Nichols was cast to play the fiancée of a black Marine, played by Don Marshall (who would later play Lt. Boma in the TOS episode, The Gallileo Seven.)

The episode, To Set It Right, was written by future Star Trek writer Lee Erwin, and dealt with racial prejudice. Two recruits, one black, and one white get into a fight at the beginning of the episode. Lt. Rice tries to get them to settle their differences, first by setting up a boxing match between them and then by forcing them to work together on a march.

The episode never aired, and Roddenbery’s frustration led him to create a science fiction program, where he could tell stories like that, but use allegory, and get them past the censors. Maybe you’ve heard of the program.

Becoming Nyota Uhura

The character of Nyota Uhura didn’t appear in the first Star Trek pilot, The Cage. Most shows don’t get a second pilot. But Star Trek did, Where No Man Has Gone Before, ironically featuring Gary Mitchell from The Lieutenant.

But Uhura wasn’t in that episode either. Neither, by the way, was Dr. McCoy. (Here’s your trivia for the day, Nichelle Nichols and DeForest Kelley both filmed their Star Trek debuts on May 24th, 1966, and their final Trek appearances on July 2nd, 1991.)

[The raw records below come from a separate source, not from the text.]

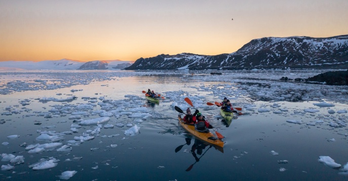 А для более полного погружения вы сможете попробовать полярный каякинг — пройти лабиринтами айсбергов и, если повезет, увидеть китов совсем рядом с вашим каяком.
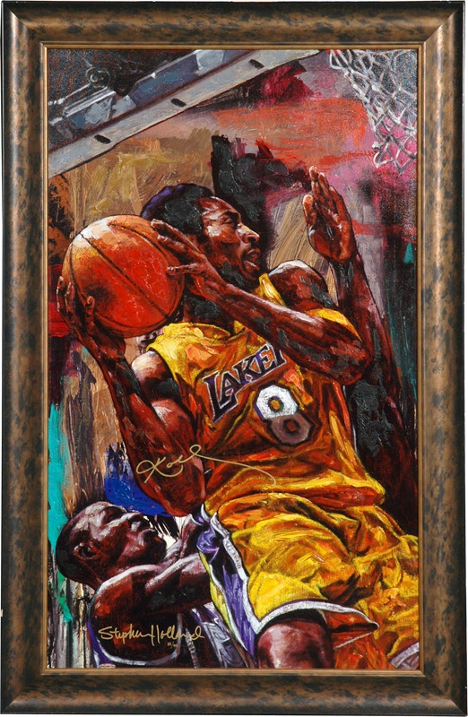 Laker guard Kobe Bryant rises above the defense, as artist Stephen Holland catches a glimpse of the backboard in this dynamic portrait. Giclee on canvas measures 29x46” in beautiful concave-styled frame, and is signed by Holland, and Bryant in gold pen.
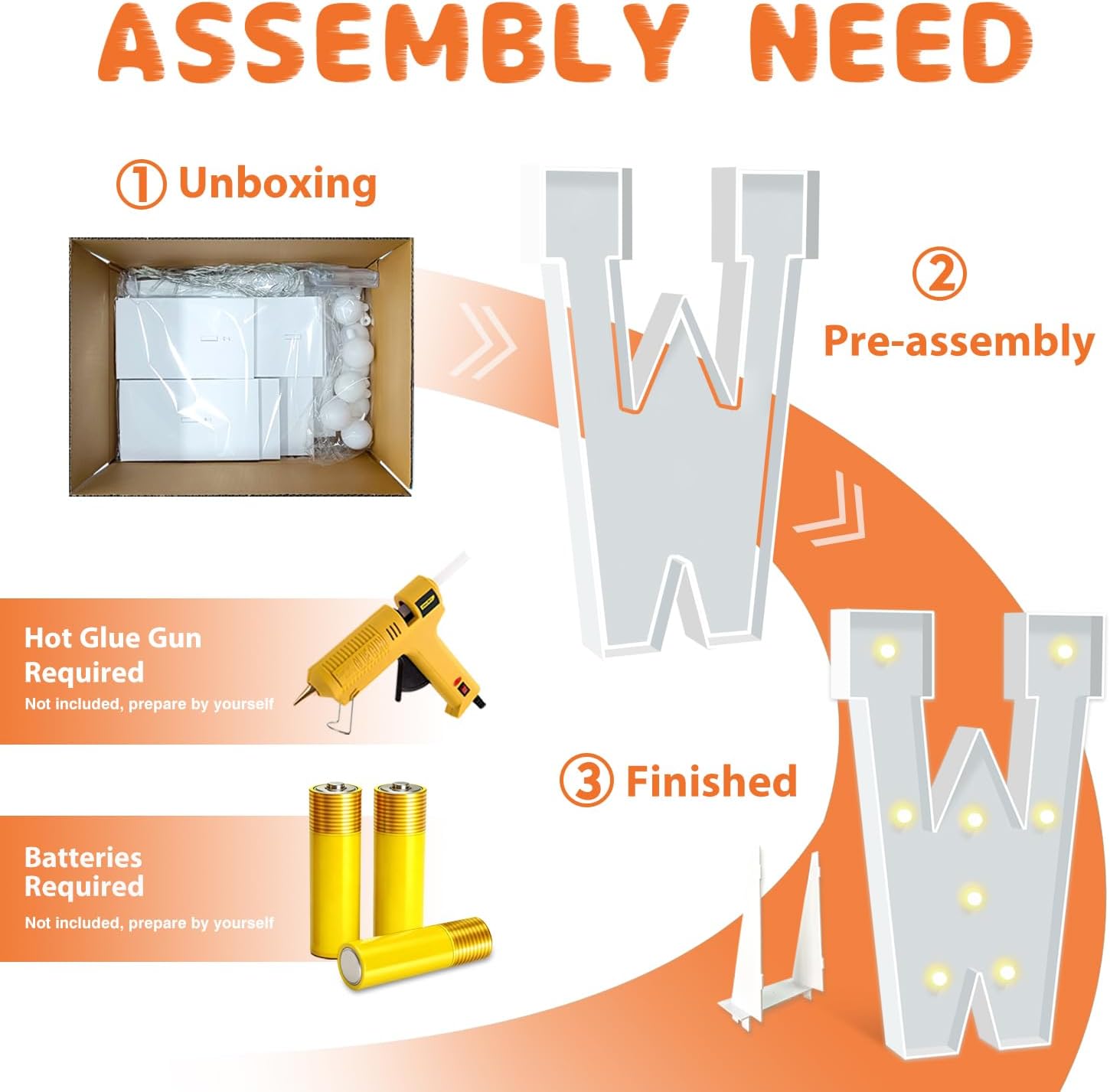 • BRIGHT & SAFE LIGHTING: The light up letters are powered by 3 AA batteries(not included), ensuring the safety of all your guests. There's a switch on the battery compartment, you can switch the Warm Yellow led light from steady to cheerful flashing, ideal for creating a cozy, inviting ambiance to any celebration or event.
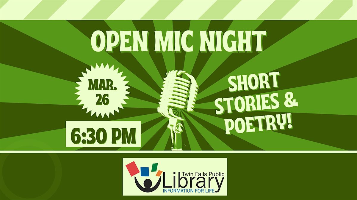 Visit the Twin Falls Public Library on March 26th at 6:30 PM for a night of short stories & poetry. Come and share your own writings or your favorite pieces by other authors, or just come to listen! Sign-up is first come, first to read. 5 minute time limit per reading (multiple readings are allowed, depending on time), no outside amplification or music allowed. Check with a librarian for more information.

Uhura made her first filmed appearance in The Corbomite Maneuver, which was the third episode filmed. But the first season episodes are notorious for being aired out of order, so her first television appearance came in the debut of the series, The Man Trap. (The Man Trap, by the way, was written by Lee Erwin. Remember him?)

Nichols wanted to leave Star Trek after the first season, to focus on her career on Broadway.

“I thought it was a Trekkie, and so I said, ‘Sure.’ I looked across the room, and there was Dr. Martin Luther King walking towards me with this big grin on his face. He reached out to me and said, ‘Yes, Ms. Nichols, I am your greatest fan.’ He said that Star Trek was the only show that he, and his wife Coretta, would allow their three little children to stay up and watch. [She told King about her plans to leave the series.] I never got to tell him why, because he said, ‘You can’t. You’re part of history.’

Nichelle Nichols

Her role was expanded during the second season of The Original Series, beyond that of just crewing a console. It was during the second season of the show that Nichols and William Shatner had the first interracial kiss on American scripted television.

The Animated Series

And I wanted to show you a clip from The Animated Series, which, I’m going to wager that most of you haven’t seen anything of. But aside from the very 70s style of animation (if Scooby-Doo showed up, he wouldn’t look out of place), they’re essentially shorter Star Trek episodes.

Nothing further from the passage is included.